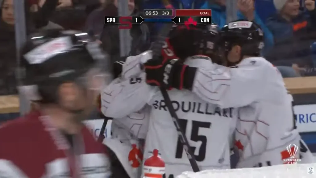Târziu, cu 6-7 minute înainte de final, Matthew Peca va aduce egalarea pentru canadieni printr-un șut bine plasat, în diagonală.
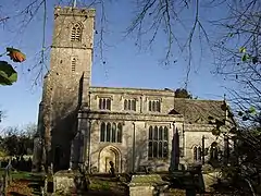 The Church of England parish church of Saint John the Evangelist has a Decorated Gothic north aisle and arcade dating from about 1360. The east window of the south aisle is also Decorated Gothic, but the present south arcade and the rest of the south aisle are Perpendicular Gothic work from the end of the 15th century. The clerestory of the nave was added at the same time. The bell tower also is Perpendicular Gothic. The chancel was rebuilt in 1865 to plans by the architect W.F. Poulton.[5] The church is a Grade II* listed building.[6] The tower has a ring of six bells.[7] Abraham I Rudhall of Gloucester[8] cast the fourth and fifth bells in 1717.[9] Thomas Bond of Burford[8] cast the treble, second, fifth and tenor bells in 1937.[9] St John's has also a Sanctus bell of unknown date.[9] The parish of St John the Evangelist is now part of the Benefice of Burford, Fulbrook, Taynton, Asthall, Swinbrook, and Widford.[10]
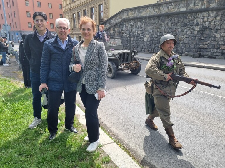 Costas Chassapis, Cristina Comaniciu, and Joe Huang during the visit to the Liberation Festival in Pilsen marking the 80th anniversary of the city's liberation.
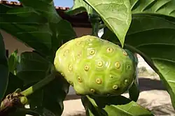 ![]() Folhas e frutos da Morinda citrifolia | |||||||||||||||
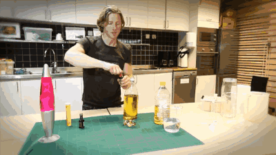 你需要准备:植物油、水、食用色素、泡腾片
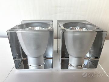 Vendo coppia lampade da parete o soffitto Fabbian Cubetto orientabile, le lampade sono in ottime condizioni, veri cristalli al piombo 24% perfetti senza sbeccature o incrinature, attacco lampade G10, monta sia lampadine alogene che led, lampadine incluse. Le lampade di listino costano oltre 250 euro cad. le cedo a 200 euro entrambe. Richiesta non trattabile.
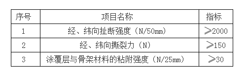 2、涂覆布的物理機械性能如表所示:
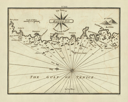 Heather's chart is a masterpiece of nautical cartography, featuring a prominent compass rose and a detailed scale bar that enhances its practical utility for seafarers of the time. The map's focus on the harbors—such as Port Rovigno, Port Orsera, and Port Parenso—highlights their importance in maritime trade and defense. The inclusion of smaller ports and anchorages along with detailed coastal topography, such as the depiction of the Učka mountain range and the Motovun Forest, reflects Heather's commitment to providing comprehensive navigational information.
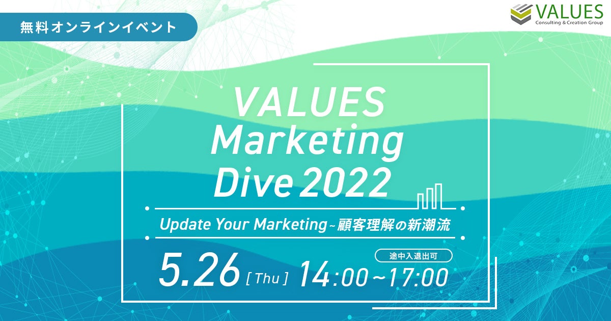 インターネット行動ログ分析によるマーケティング調査・コンサルティングサービスを提供する株式会社ヴァリューズ(本社:東京都港区、代表取締役社長:辻本 秀幸、以下「ヴァリューズ」)は、「Update your marketing ~ 顧客理解の新潮流」をテーマとしてマーケティングやデータ分析の最前線における課題解決のヒントを紹介するカンファレンス『VALUES Marketing Dive 2022』を、2022年5月26日(木)14:00~17:00にオンラインで無料開催いたします。
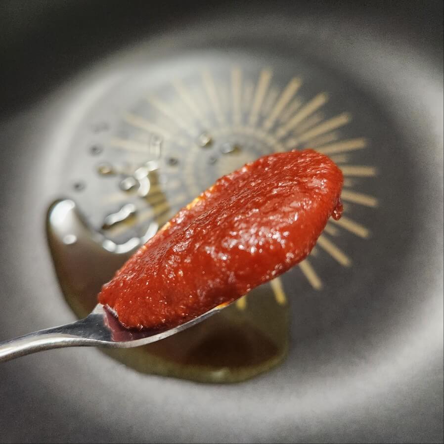 ✅ 숟가락 기준으로 들기름 1 간장 2 고추장 1.5 물엿 1.5를 넣고 중간불로 끓여주면 된다.
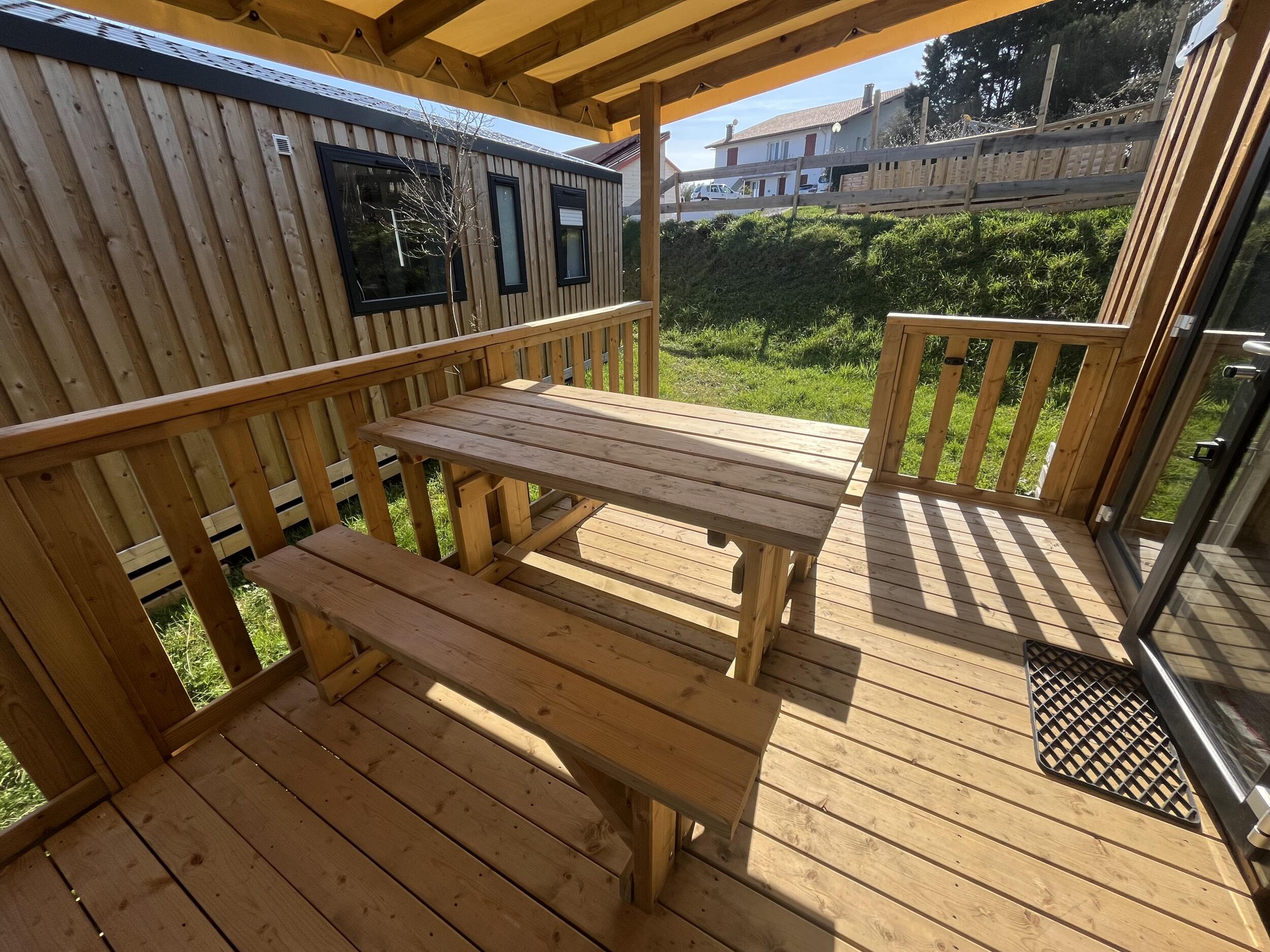 - Terraza de madera semicubierta
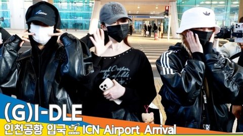 [인천국제공항=뉴스엔 김기태 기자] 가수 (여자)아이들 멤버 미연, 우기, 슈화가 3월 18일 오후 해외 일정을 마치고인천 중구 운서동 인천국제공항을 통해입국했다.

----

Copy exactly, and only, the lines from the line containing "Marketing Dive 2022』を、2022年5月26日(木)14:00~17:00にオンラインで無料開催いたします。" through the final line of the material above, with no pictures.

 インターネット行動ログ分析によるマーケティング調査・コンサルティングサービスを提供する株式会社ヴァリューズ(本社:東京都港区、代表取締役社長:辻本 秀幸、以下「ヴァリューズ」)は、「Update your marketing ~ 顧客理解の新潮流」をテーマとしてマーケティングやデータ分析の最前線における課題解決のヒントを紹介するカンファレンス『VALUES Marketing Dive 2022』を、2022年5月26日(木)14:00~17:00にオンラインで無料開催いたします。
 ✅ 숟가락 기준으로 들기름 1 간장 2 고추장 1.5 물엿 1.5를 넣고 중간불로 끓여주면 된다.
 - Terraza de madera semicubierta
 [인천국제공항=뉴스엔 김기태 기자] 가수 (여자)아이들 멤버 미연, 우기, 슈화가 3월 18일 오후 해외 일정을 마치고인천 중구 운서동 인천국제공항을 통해입국했다.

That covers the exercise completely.